# [Work instruction]
Pictures excluded, retype the lines from the one containing "Набор понравился.Трудоёмкий, но" through the last line of the data below, both included.
** Data follows **
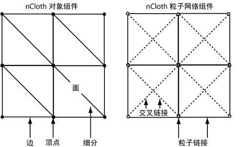 nCloth 的粒子网络中的组件直接对应于其对象组件。nCloth 中的每个顶点都有一个粒子,每条边都有一个链接,每个面都有两个交叉链接:一个位于四边形分割(细分)处,另一个的位置与四边形分割垂直。
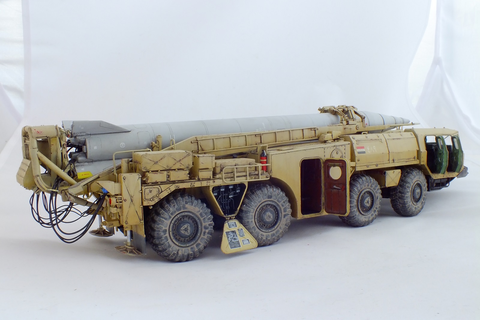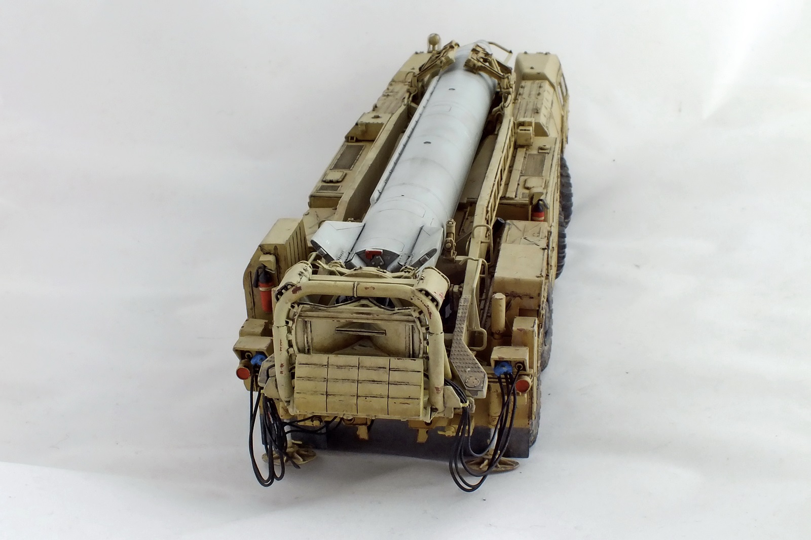 Набор понравился.Трудоёмкий, но работать интересно. От себя добавил тормозные шланги к колёсам, кое где немого проводки, шланги гидравлики и подачи воздуха. Заменил фары на "Эльф".Сделал колёса нагруженными, (на фото почти не видно ).
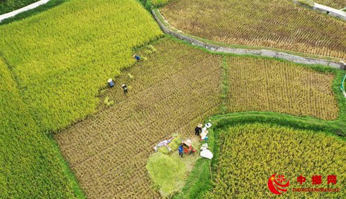 8月9日,在广西三江侗族自治县良口乡南寨村,村民在收割早稻(无人机照片)。 立秋过后,广西三江侗族自治县种植的早稻进入丰收季节,人们抢抓农时收割早稻。 新华社发(梁克川 摄)
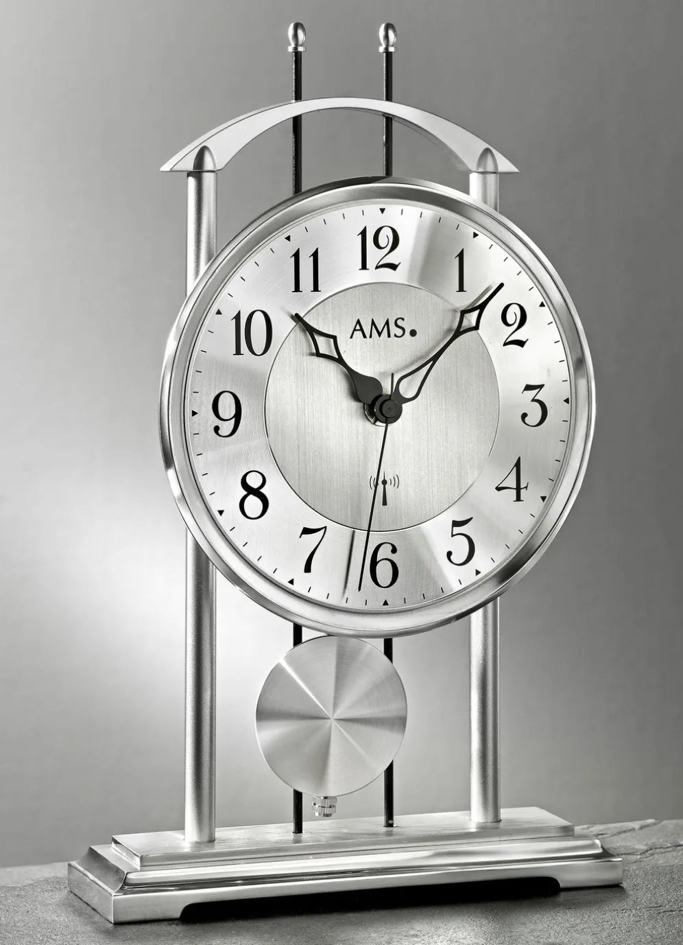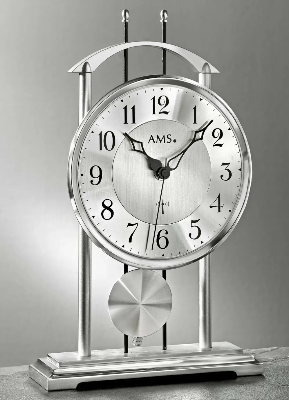 Tischuhr mit Funkwerk in Silber.
** End of Data **
# [Answer section]
 Набор понравился.Трудоёмкий, но работать интересно. От себя добавил тормозные шланги к колёсам, кое где немого проводки, шланги гидравлики и подачи воздуха. Заменил фары на "Эльф".Сделал колёса нагруженными, (на фото почти не видно ).
 8月9日,在广西三江侗族自治县良口乡南寨村,村民在收割早稻(无人机照片)。 立秋过后,广西三江侗族自治县种植的早稻进入丰收季节,人们抢抓农时收割早稻。 新华社发(梁克川 摄)
 Tischuhr mit Funkwerk in Silber.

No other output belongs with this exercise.